Input Block Start

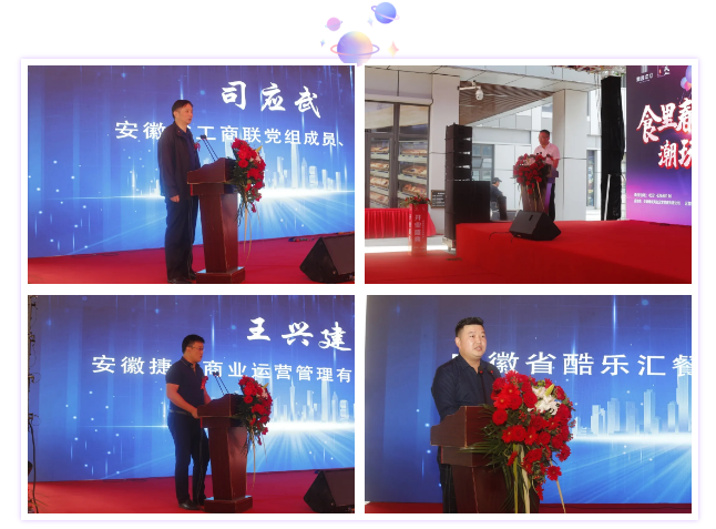 受邀出席本次活動(dòng)的領(lǐng)導(dǎo)有新疆駐安徽工作組黨委書記陳翰林、安徽省統(tǒng)戰(zhàn)部非公經(jīng)濟(jì)處處長韓永龍、安徽省工商聯(lián)副主席司應(yīng)武、合肥市委書記辦公室主任夏躍民、合肥市審計(jì)局副局長張仁山、合肥市廬陽區(qū)商務(wù)局副局長朱駿、合肥福州商會秘書長陳可逸先生、安徽鼎鑫集團(tuán)總裁張曉東、安徽捷成商業(yè)運(yùn)營管理有限公司總經(jīng)理王興建、安徽省酷樂匯餐飲管理有限公司總經(jīng)理甄勇,各位領(lǐng)導(dǎo)分別為本次開街儀式做開幕發(fā)言。
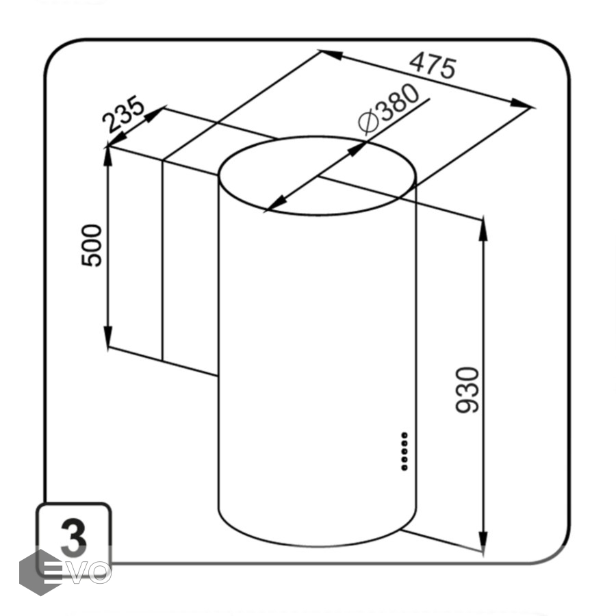 В модели реализованы две возможности эксплуатации: режим прямого отвода загрязненного воздуха в вентиляционную шахту или режим рециркуляции воздушных масс и их очистки с помощью сменных угольных фильтров. Удобное кнопочное управление позволяет установить один из 3-х режимов скорости вентилятора и включить 2 светодиодных элемента (2,2 Вт), расположенных по бокам фильтра.
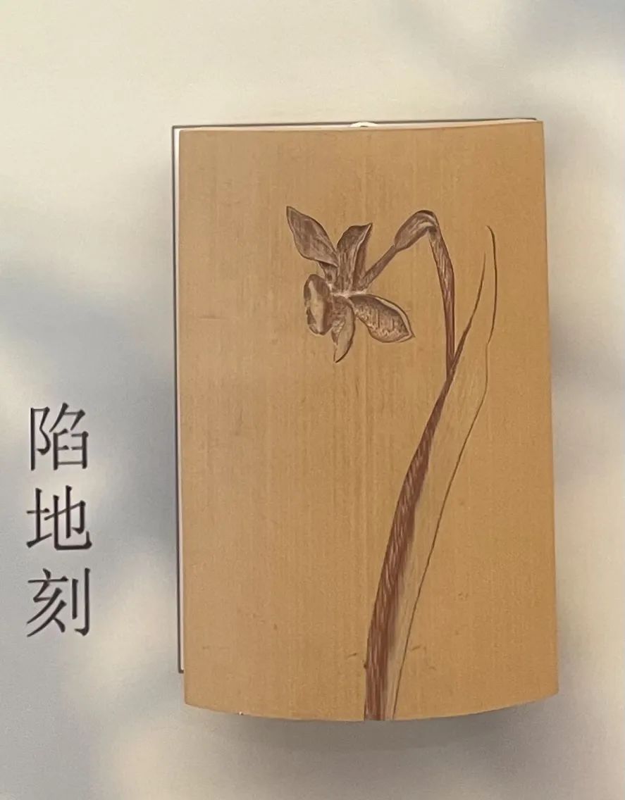 浅刻,刻痕很浅,往往需要在高光下才能看清刀痕的一种刻法,为阴刻之最浅者。大多用于臂搁和扇骨,以表现画的笔墨意趣为主。
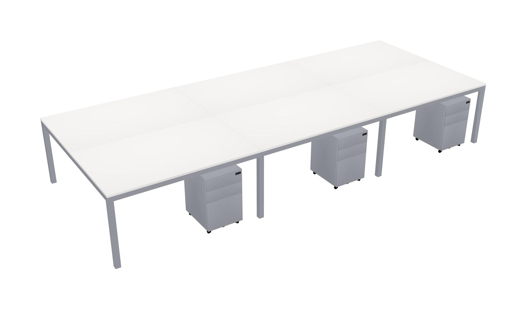 White Shared Rectangular Office Desk With Metal Mobile Drawers For 6 Persons
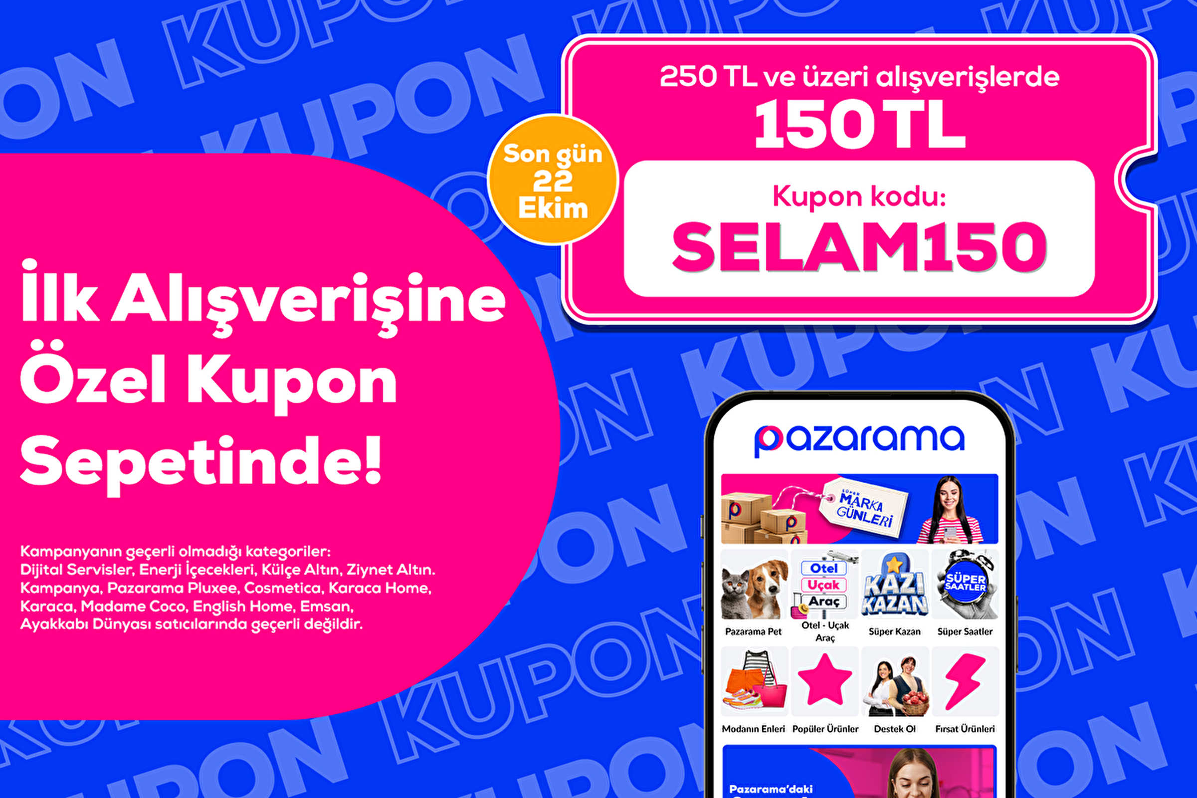 SELAM150 Kupon Kodu ile İlk Alışverişinde 250 TL ve üzeri alışverişe 150 TL İndirim Seni Bekliyor!
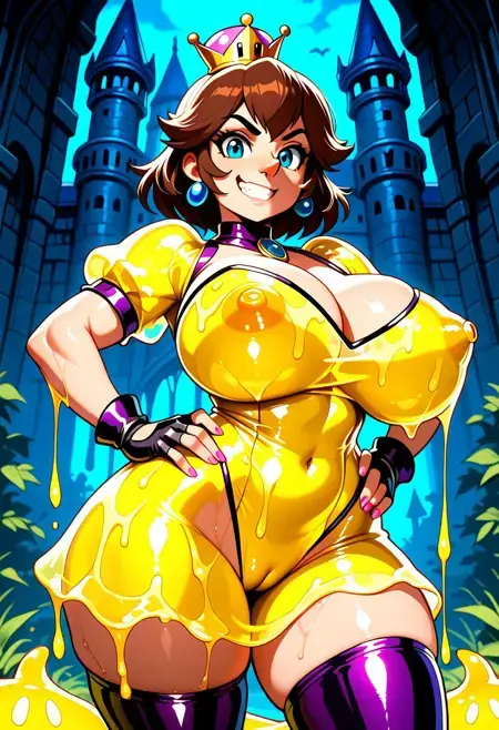 我建议从0.5的权重开始,使用描述所需衣物由黏液制成、由透明黏液制成等的标签或短语。如需增强透明度,尤其是想透过衣物看到特定身体部位,可将黏液描述为“透明的”,或明确说明 desired 身体部位“可见”或“透过黏液/衣物可见”。

Input Block End

→ Work to be completed:
Word for word, repeat all the data, but not its images.

→ Your solution:
 受邀出席本次活動(dòng)的領(lǐng)導(dǎo)有新疆駐安徽工作組黨委書記陳翰林、安徽省統(tǒng)戰(zhàn)部非公經(jīng)濟(jì)處處長韓永龍、安徽省工商聯(lián)副主席司應(yīng)武、合肥市委書記辦公室主任夏躍民、合肥市審計(jì)局副局長張仁山、合肥市廬陽區(qū)商務(wù)局副局長朱駿、合肥福州商會秘書長陳可逸先生、安徽鼎鑫集團(tuán)總裁張曉東、安徽捷成商業(yè)運(yùn)營管理有限公司總經(jīng)理王興建、安徽省酷樂匯餐飲管理有限公司總經(jīng)理甄勇,各位領(lǐng)導(dǎo)分別為本次開街儀式做開幕發(fā)言。
 В модели реализованы две возможности эксплуатации: режим прямого отвода загрязненного воздуха в вентиляционную шахту или режим рециркуляции воздушных масс и их очистки с помощью сменных угольных фильтров. Удобное кнопочное управление позволяет установить один из 3-х режимов скорости вентилятора и включить 2 светодиодных элемента (2,2 Вт), расположенных по бокам фильтра.
 浅刻,刻痕很浅,往往需要在高光下才能看清刀痕的一种刻法,为阴刻之最浅者。大多用于臂搁和扇骨,以表现画的笔墨意趣为主。
 White Shared Rectangular Office Desk With Metal Mobile Drawers For 6 Persons
 SELAM150 Kupon Kodu ile İlk Alışverişinde 250 TL ve üzeri alışverişe 150 TL İndirim Seni Bekliyor!
 我建议从0.5的权重开始,使用描述所需衣物由黏液制成、由透明黏液制成等的标签或短语。如需增强透明度,尤其是想透过衣物看到特定身体部位,可将黏液描述为“透明的”,或明确说明 desired 身体部位“可见”或“透过黏液/衣物可见”。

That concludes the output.